Work order - Please copy exactly the part of the records below that opens with the line containing "时间:2020-11-11 10:41:19 来源:李非凡" and closes with the line containing "تصميم راقٍ يجمع", leaving out any pictures.

Supplied material -
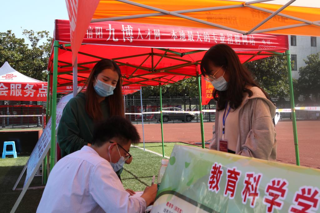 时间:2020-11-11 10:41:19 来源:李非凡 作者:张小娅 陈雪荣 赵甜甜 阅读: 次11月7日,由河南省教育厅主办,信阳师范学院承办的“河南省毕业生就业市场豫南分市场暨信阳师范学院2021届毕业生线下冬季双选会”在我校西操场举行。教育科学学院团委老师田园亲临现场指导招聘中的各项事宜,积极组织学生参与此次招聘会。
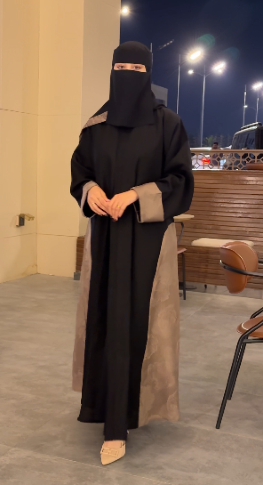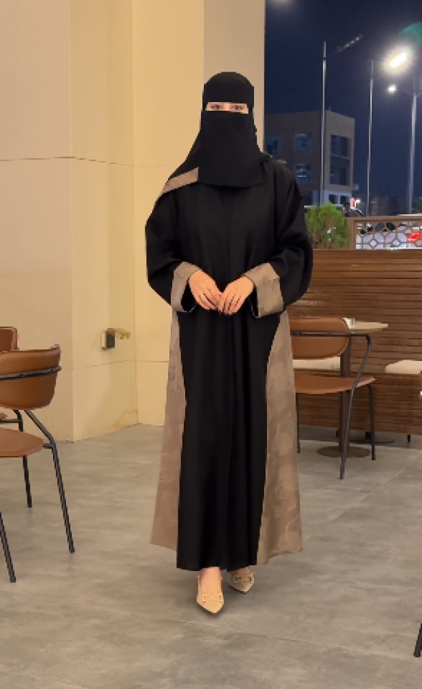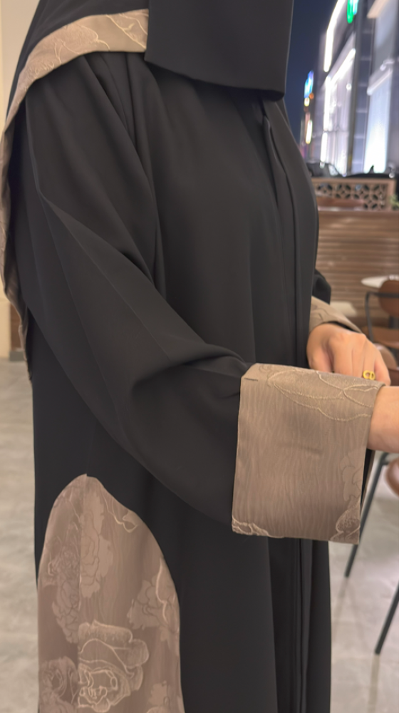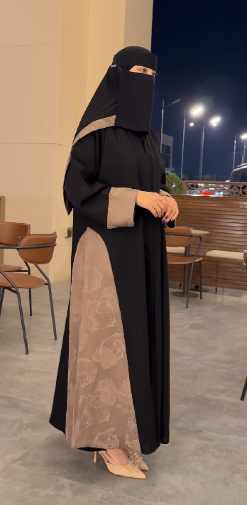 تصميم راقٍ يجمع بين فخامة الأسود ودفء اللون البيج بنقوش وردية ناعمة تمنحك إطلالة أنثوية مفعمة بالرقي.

---

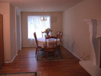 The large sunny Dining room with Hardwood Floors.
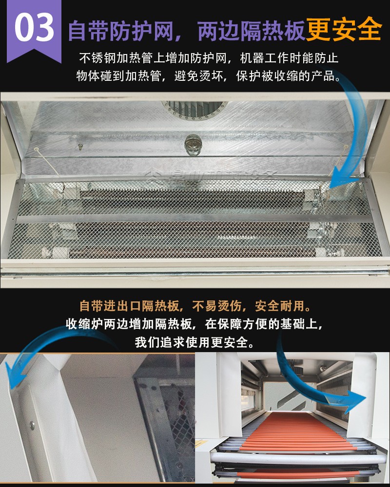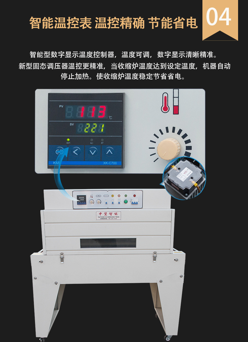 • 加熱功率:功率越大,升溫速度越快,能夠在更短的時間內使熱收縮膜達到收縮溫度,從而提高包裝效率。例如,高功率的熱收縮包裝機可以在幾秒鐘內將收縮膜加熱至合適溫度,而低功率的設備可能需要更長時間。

---

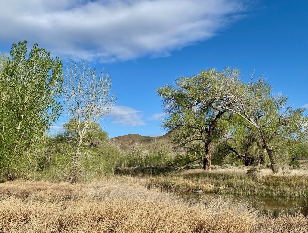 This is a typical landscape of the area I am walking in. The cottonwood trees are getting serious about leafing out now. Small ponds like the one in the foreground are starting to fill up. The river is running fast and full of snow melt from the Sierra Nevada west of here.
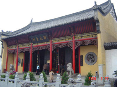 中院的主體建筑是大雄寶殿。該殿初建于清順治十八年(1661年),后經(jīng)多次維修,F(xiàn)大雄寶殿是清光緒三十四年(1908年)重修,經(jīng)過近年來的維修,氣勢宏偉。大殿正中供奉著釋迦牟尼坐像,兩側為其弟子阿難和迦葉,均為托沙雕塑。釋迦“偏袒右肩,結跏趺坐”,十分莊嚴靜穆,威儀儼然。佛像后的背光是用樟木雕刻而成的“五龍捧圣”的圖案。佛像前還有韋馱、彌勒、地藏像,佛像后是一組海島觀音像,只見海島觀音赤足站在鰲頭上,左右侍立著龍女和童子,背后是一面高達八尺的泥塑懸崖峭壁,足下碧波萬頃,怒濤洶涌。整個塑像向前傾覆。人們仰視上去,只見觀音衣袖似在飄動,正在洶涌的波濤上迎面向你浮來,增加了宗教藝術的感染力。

Output of the task -
 时间:2020-11-11 10:41:19 来源:李非凡 作者:张小娅 陈雪荣 赵甜甜 阅读: 次11月7日,由河南省教育厅主办,信阳师范学院承办的“河南省毕业生就业市场豫南分市场暨信阳师范学院2021届毕业生线下冬季双选会”在我校西操场举行。教育科学学院团委老师田园亲临现场指导招聘中的各项事宜,积极组织学生参与此次招聘会。
 تصميم راقٍ يجمع بين فخامة الأسود ودفء اللون البيج بنقوش وردية ناعمة تمنحك إطلالة أنثوية مفعمة بالرقي.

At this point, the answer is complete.